Python 008: Web Scraping

Having trouble?

This will help you:

Access websites in Python programs and scrape specific information from websites.

Web scraping can be useful for many things, such as summarizing information, trend analysis, data processing, and strange art exhibits. If you're interested, it combines well with the text generation activity. Requests is an HTTP library for Python (it allows you to access documents on the internet: that is, webpages). Beautiful Soup is an HTML parsing library that helps work with the HTML documents that make up web pages.

Scraping the New York Times Twitter feed.

Time: 1-2 hours / Level: B3

You should already:

Be familiar with Python syntax, and know what dictionaries and attributes are
Install requests: try running pip install requests in the terminal.
Install Beautiful Soup: try running pip install beautifulsoup4 in the terminal.

Get the code and resources for this activity by clicking below. It will allow you to download the files from a Google Drive folder. Unzip the folder and save it in a sensible location.

Download Activity Files

Step 1: Warm-up - A little bit about HTML

Open web_scraping.py and read the comments to understand what is happening.
Run python web_scraping.py in the terminal and see what happens.
Go to a web page and look at the HTML source (Ctrl U, or right-click and "View page source").
Inspect the HTML source (Ctrl I, or right-click and "Inspect"). Hover over different lines of the source code and see how different parts of the page become highlighted. Expand sections to get more specific.

To understand how Beautiful Soup works, you need to have a basic understanding of how HTML documents are laid out. This page (scroll down to "What are the tags up to?") explains how tags are used to format a page. This page has a picture under "HTML Page Structure" that helps explain the nested structure. If you look here, you'll see a bunch of different types of tags. Some of them are container tags, designed to contain other text and tags, and some of them are formatting tags, which display text and elements a certain way. Beautiful Soup treats all tags as pretty much the same type of thing. Functions that work with tags just want to know the tag name.

Step 2: Warm-up - Parsing Demo

Read the Quickstart tutorial. It's very short, and if you want to follow some of the examples, three_sisters.py and three_sisters.html can be found in this folder. If you double-click three_sisters.html, it should look like a browser page. If you edit it, you can see your changes.
Open example.py and read the comments to understand each step.
Note: tag.parent, tag.name, and tag.text are some of the attributes of tags. soup is technically a tag too, except its parent is None.

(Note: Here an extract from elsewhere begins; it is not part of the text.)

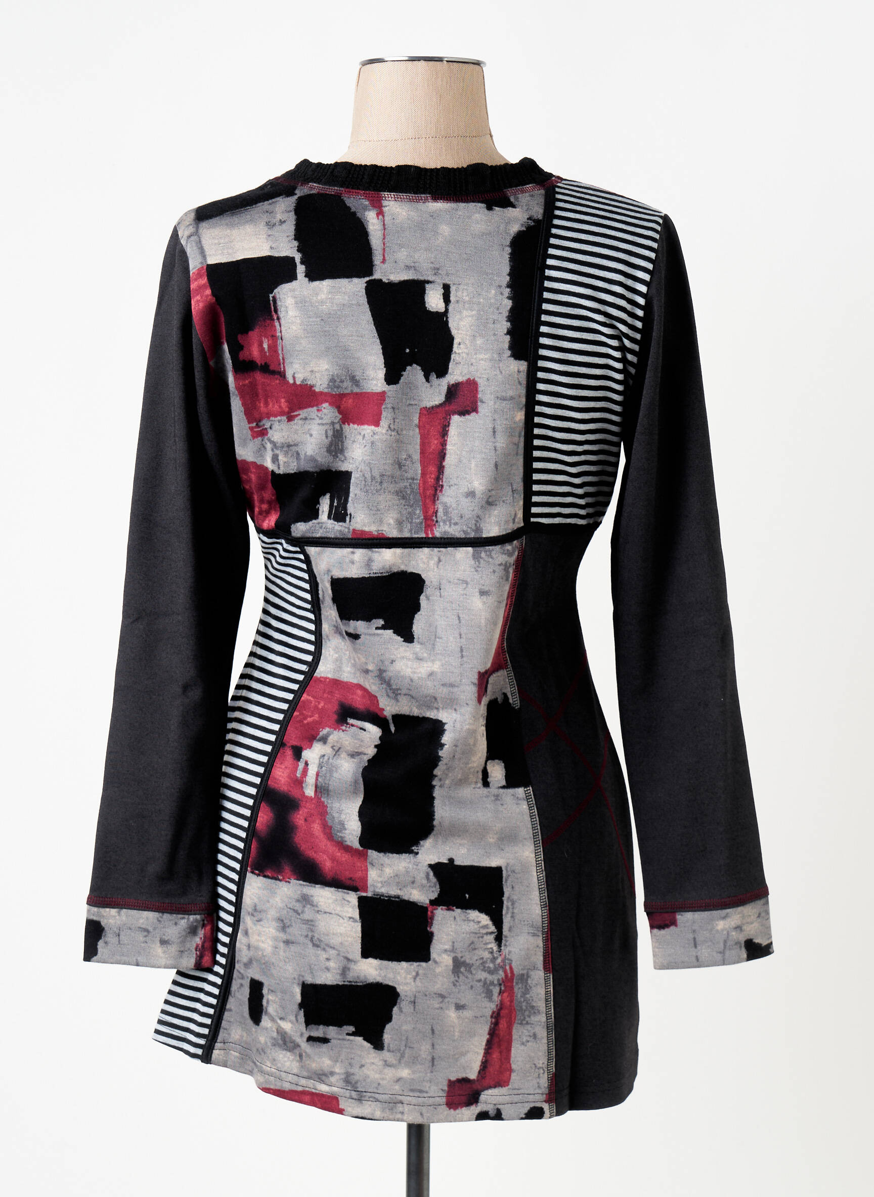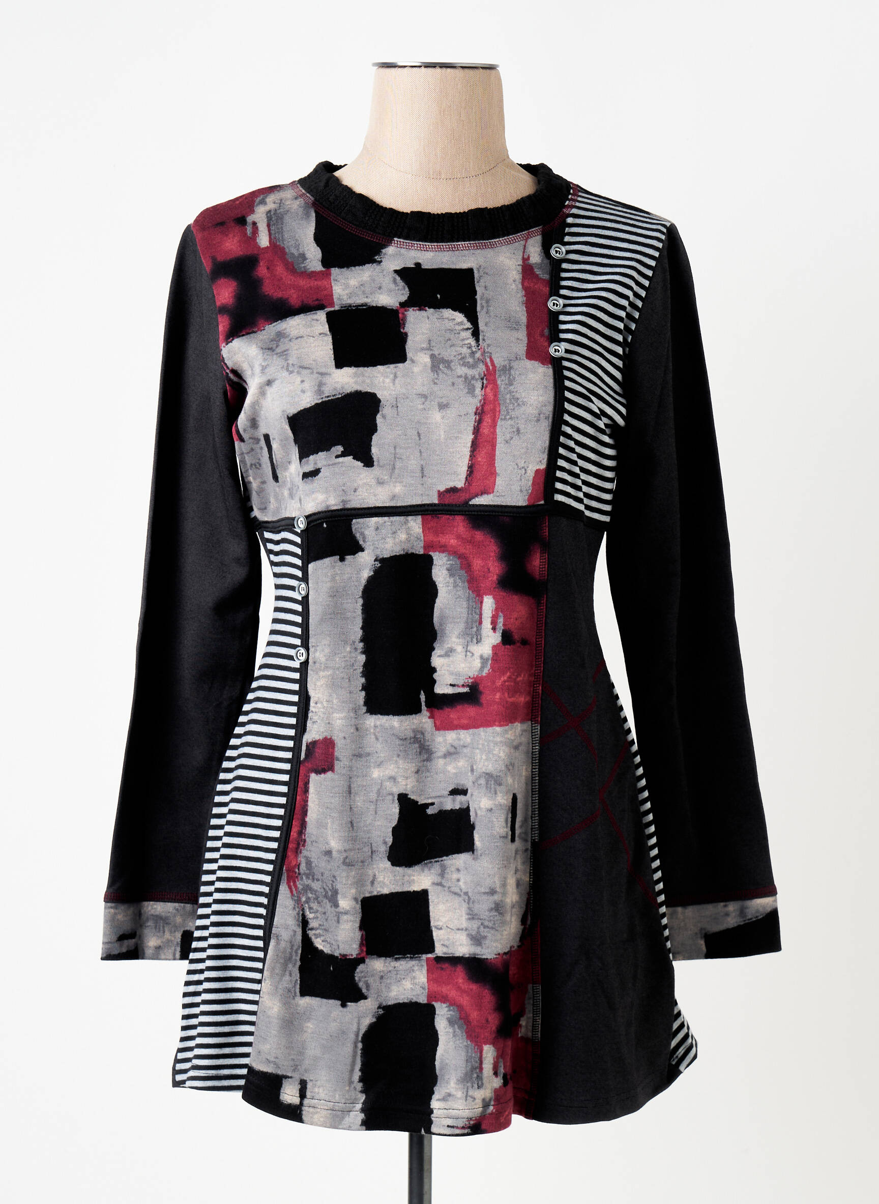 Craquez pour cette tunique manches longues S.QUISE pour femme, un vrai bon plan pour adopter un look original sans vous ruiner. Avec son motif graphique audacieux mêlant noir, rouge et gris, elle affiche une touche artistique et moderne, tandis que les bandes rayées latérales ajoutent une note dynamique à la silhouette. Idéale pour celles qui aiment se démarquer au quotidien, cette pièce abordable est parfaite pour renouveler votre dressing à prix doux tout en profitant d’un style unique.

You can use the names of sub-tags like attributes, as in soup.title.
Run python example.py to see what different attributes and properties get you.
Go to the URL and inspect the web page (Ctrl I, or right-click and "Inspect"). Try to find the parts of the HTML source that the code is searching for.
Edit the code in example.py to get different parts of the page. See what works with a different URL.
There are comprehensive explanations of navigating HTML trees, and searching HTML trees, but the first couple sections of "Going down" are what I find useful, and "Kinds of filters" (if you feel like that's TMI, skip to the arguments for find functions).

Step 3: Activity - Scraping a Twitter feed

Open twitter_scraper.py. Read through the code and comments.
Replace each # TODO: comment with a line of code to complete the program.
To test the program, run python twitter_scraper.py and enter a Twitter username.

Step 4: Activity - Simple Command-Line Wikipedia

Open wiki_scraper.py. Read through the code and comments.
Replace each # TODO: comment with a line of code to complete the program.
To test the program, run python wiki_scraper.py and enter the name of a Wikipedia page.

Step 5: Make it your own

Find a website that's interesting or useful to you and inspect the HTML source to see where you can find useful pieces of information. Write a program that searches for those segments and prints or saves them. Use the documentation listed in "Warm-up: Parsing Demo" to learn how to do advanced HTML searches.

Step 6: Going further

Combine this activity with the text generation activity to randomly generate text based off of someone's Twitter stream or a webpage. Combine this activity with the SMS integration activity to send text from a webpage to your phone. You could even use texting in place of the terminal entry to request webpage info via text.

I'm all done!

→ Return to Tech at the Foundry Project List

Python 008: Web Scraping

This will help you:

Access websites in Python programs and scrape specific information from websites.

Time: 1-2 hours / Level: B3

You should already:

Be familiar with Python syntax, and know what dictionaries and attributes are

Install requests: try running `pip install requests` in the terminal.

Install Beautiful Soup: try running `pip install beautifulsoup4` in the terminal.

Get the code and resources for this activity by clicking below. It will allow you to download the files from a Google Drive folder. Unzip the folder and save it in a sensible location.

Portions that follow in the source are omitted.